-- REQUIRED WORK --
Copy word for word the lines in the records below, starting at the line with "20,5*20,5*1 см |" and ending at the line with "3、用户名和组织名称分别输入:软件学堂、www.xue51.com". Skip the pictures.

-- RECORDS PROVIDED --
<<<<
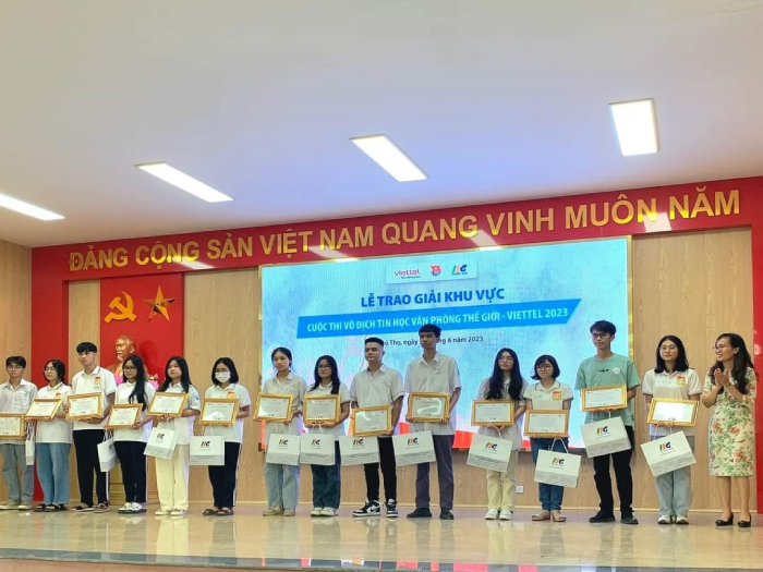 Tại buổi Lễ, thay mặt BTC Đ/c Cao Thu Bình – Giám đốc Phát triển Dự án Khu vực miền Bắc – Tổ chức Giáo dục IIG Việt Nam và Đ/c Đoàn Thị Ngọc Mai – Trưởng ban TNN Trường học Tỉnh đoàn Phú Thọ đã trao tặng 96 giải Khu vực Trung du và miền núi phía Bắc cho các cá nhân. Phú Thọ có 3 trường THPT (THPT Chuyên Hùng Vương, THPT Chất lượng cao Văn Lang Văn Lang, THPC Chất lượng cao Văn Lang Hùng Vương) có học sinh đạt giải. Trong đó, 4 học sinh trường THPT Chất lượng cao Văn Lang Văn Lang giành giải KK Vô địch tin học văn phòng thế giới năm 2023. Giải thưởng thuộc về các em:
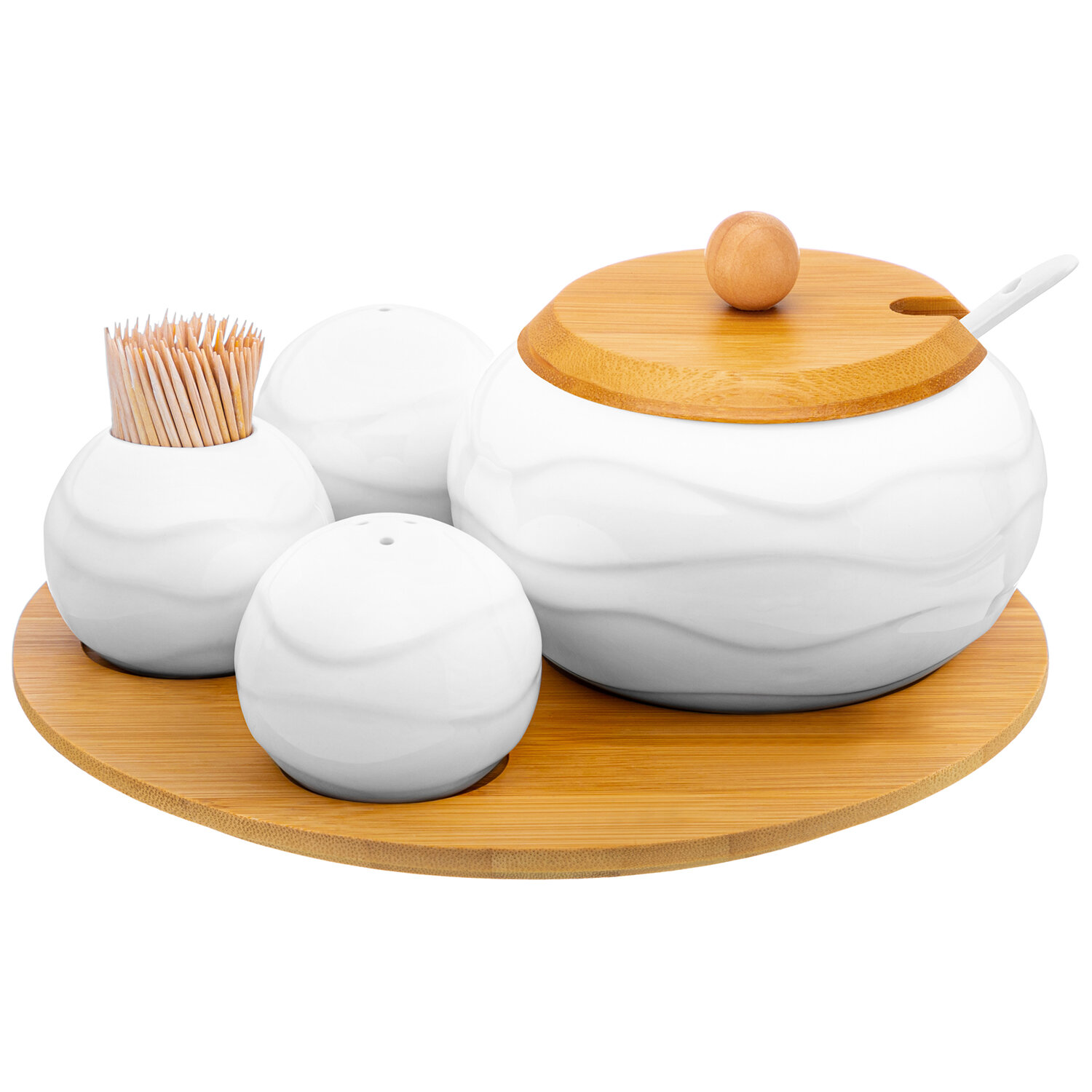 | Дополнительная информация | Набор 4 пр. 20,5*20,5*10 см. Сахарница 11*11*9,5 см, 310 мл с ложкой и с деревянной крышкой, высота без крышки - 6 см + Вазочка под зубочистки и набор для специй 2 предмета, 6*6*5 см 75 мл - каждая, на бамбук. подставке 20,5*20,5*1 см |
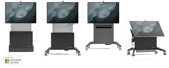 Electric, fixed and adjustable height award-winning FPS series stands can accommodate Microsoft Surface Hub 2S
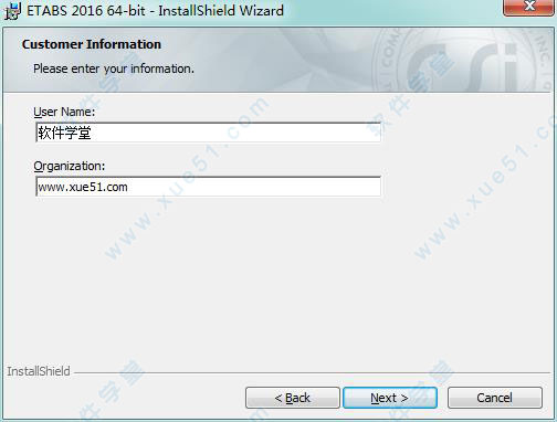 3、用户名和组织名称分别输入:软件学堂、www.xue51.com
>>>>
<<<<
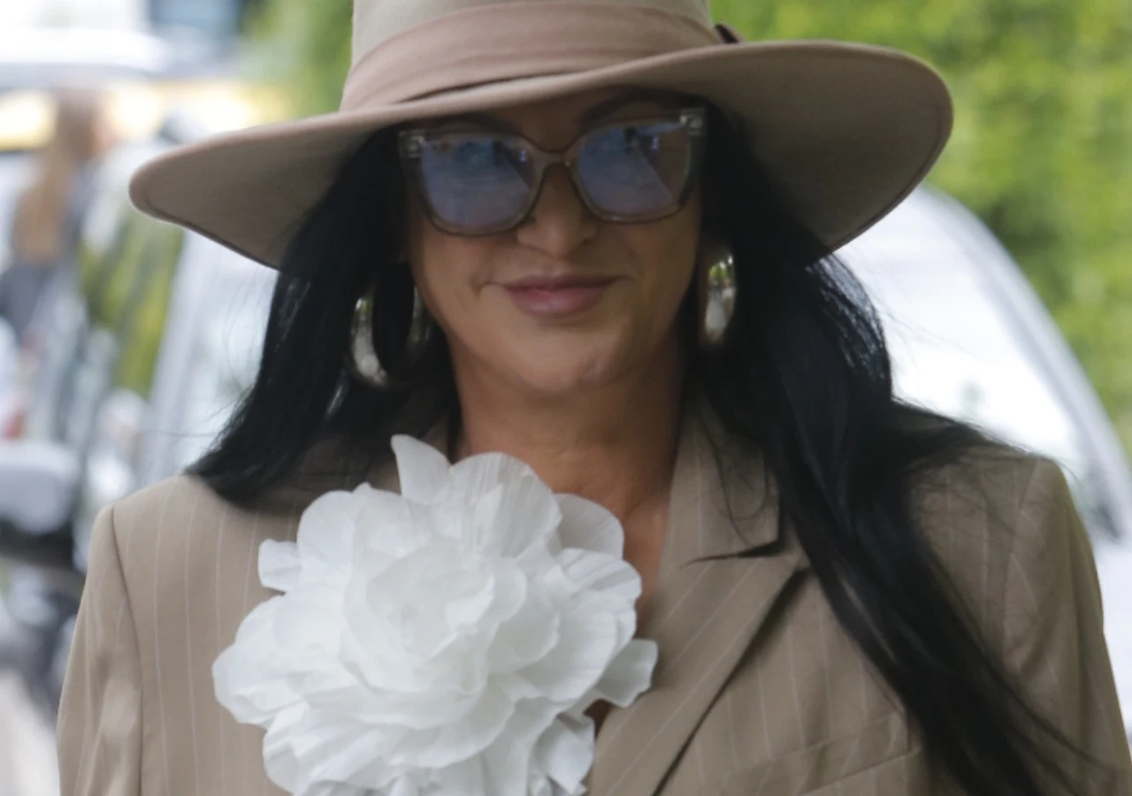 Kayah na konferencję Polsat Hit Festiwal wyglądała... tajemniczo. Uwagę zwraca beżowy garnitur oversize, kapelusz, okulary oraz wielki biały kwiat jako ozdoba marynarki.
>>>>
-- RESULT OF THIS EXERCISE --
 | Дополнительная информация | Набор 4 пр. 20,5*20,5*10 см. Сахарница 11*11*9,5 см, 310 мл с ложкой и с деревянной крышкой, высота без крышки - 6 см + Вазочка под зубочистки и набор для специй 2 предмета, 6*6*5 см 75 мл - каждая, на бамбук. подставке 20,5*20,5*1 см |
 Electric, fixed and adjustable height award-winning FPS series stands can accommodate Microsoft Surface Hub 2S
 3、用户名和组织名称分别输入:软件学堂、www.xue51.com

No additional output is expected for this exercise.